« Chaque jour, on nous rappelle que nous vivons à une époque de rivalité entre grandes puissances. Que l’ordre [international] fondé sur des règles tend à disparaître. Que les forts agissent selon leur volonté et que les faibles en subissent les conséquences. Cet aphorisme de Thucydide se présente comme inévitable, telle une logique naturelle des relations internationales. Devant ce constat, les pays ont fortement tendance à suivre le mouvement (…). Ils s’adaptent. Ils évitent les conflits. Ils espèrent que ce conformisme leur garantira la sécurité. Ce n’est pas le cas.

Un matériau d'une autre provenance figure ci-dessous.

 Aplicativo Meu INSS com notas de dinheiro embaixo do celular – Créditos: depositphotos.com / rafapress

Quelles sont donc nos options ? En 1978, le dissident tchèque Vaclav Havel [1936-2011] a écrit un essai intitulé Le Pouvoir des sans-pouvoir. Il y posait une question simple : comment le système communiste a-t-il pu tenir ? Sa réponse commence par l’histoire d’un marchand de fruits et légumes. Chaque matin, il place une affiche dans sa vitrine : “Travailleurs du monde, unissez-vous !” Il n’y croit pas. Personne n’y croit. Mais il la place quand même, pour éviter les ennuis (…).

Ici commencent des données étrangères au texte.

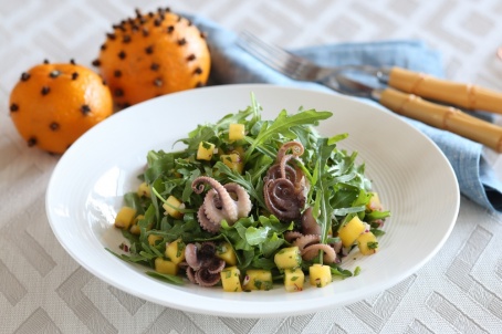 Салат из мини-осьминогов с сальсой из манго с лаймовым соусом
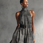 This elegant check maxi dress features a refined high neck and a sleeveless cut, offering a balance of structure and grace. The belted waist defines the figure, while the classic check pattern adds a touch of timeless charm.
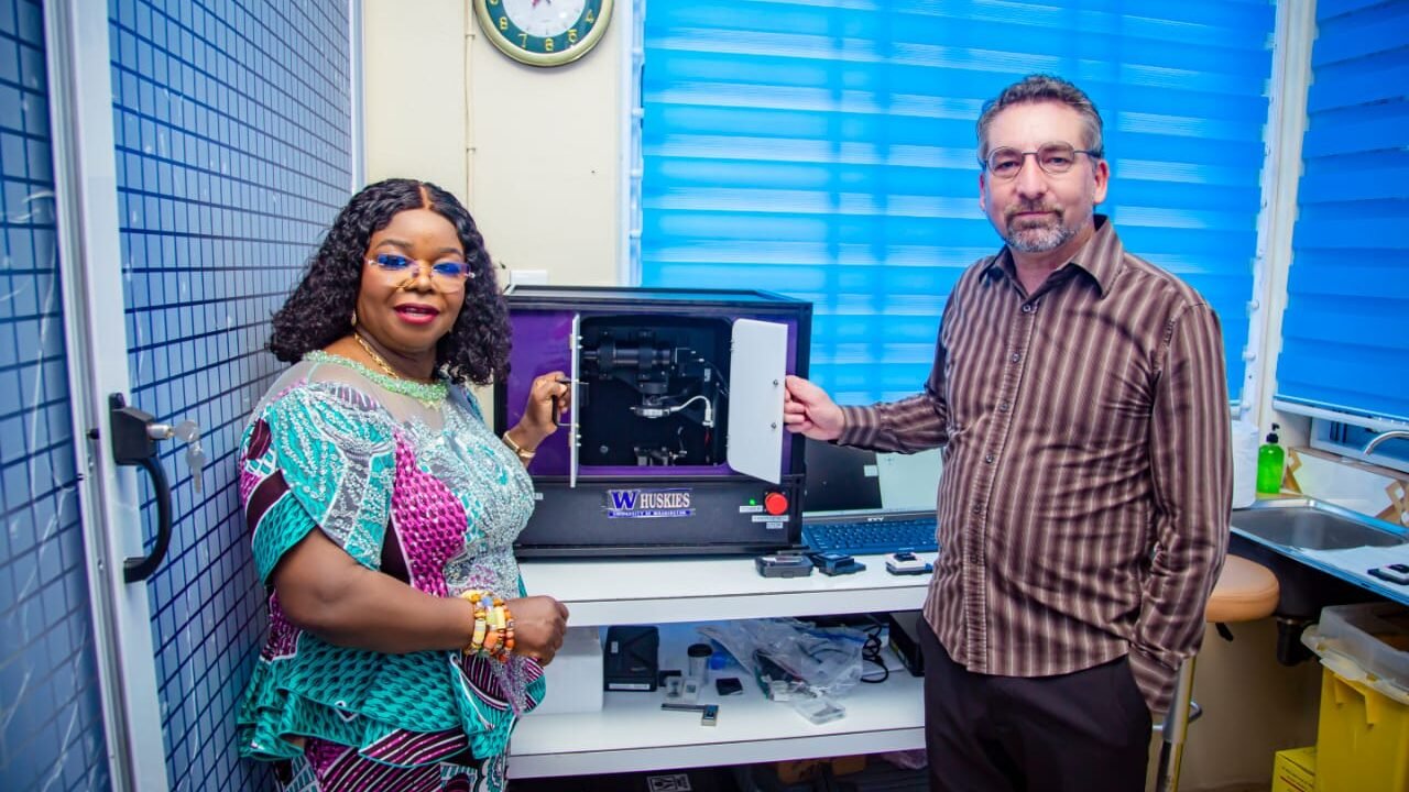Dr. Beatrice Wiafe Addai, CEO of BCI and Peace and Love Hospital, and Mark Edward Fauver, an engineer from the University of Washington, with a CoreView machine. (Photo by David Uttley for Direct Relief)

Havel appelait cela “vivre dans le mensonge”. Le pouvoir du système ne provient pas de sa véracité, mais de la volonté de chacun d’agir comme s’il était vrai. Et sa fragilité provient de la même source : dès qu’une seule personne cesse d’agir ainsi, dès que le marchand de fruits et légumes retire son enseigne, l’illusion commence à s’effriter. Le moment est venu pour les entreprises et les pays de retirer leurs enseignes.

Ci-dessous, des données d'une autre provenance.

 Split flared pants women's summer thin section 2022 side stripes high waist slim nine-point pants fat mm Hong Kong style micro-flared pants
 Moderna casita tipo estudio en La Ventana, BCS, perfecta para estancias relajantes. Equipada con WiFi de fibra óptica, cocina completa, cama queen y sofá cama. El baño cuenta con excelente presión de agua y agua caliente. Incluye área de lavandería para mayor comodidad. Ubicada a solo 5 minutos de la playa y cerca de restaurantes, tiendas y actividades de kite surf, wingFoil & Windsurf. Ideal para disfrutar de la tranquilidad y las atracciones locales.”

Pendant des décennies, des pays comme le Canada ont prospéré grâce à ce que nous appelions l’“ordre international fondé sur des règles”. Nous avons adhéré à ses institutions, vanté ses principes et profité de sa prévisibilité. Grâce à sa protection, nous avons pu mettre en œuvre des politiques étrangères fondées sur des valeurs.
Fiction utile
Nous savions que l’histoire de l’ordre international fondé sur des règles était en partie fausse. Que les plus puissants y dérogeraient lorsque cela leur convenait. Que les règles entourant les échanges commerciaux étaient appliquées de manière asymétrique. Et que le droit international était appliqué avec plus ou moins de rigueur selon l’identité de l’accusé ou de la victime.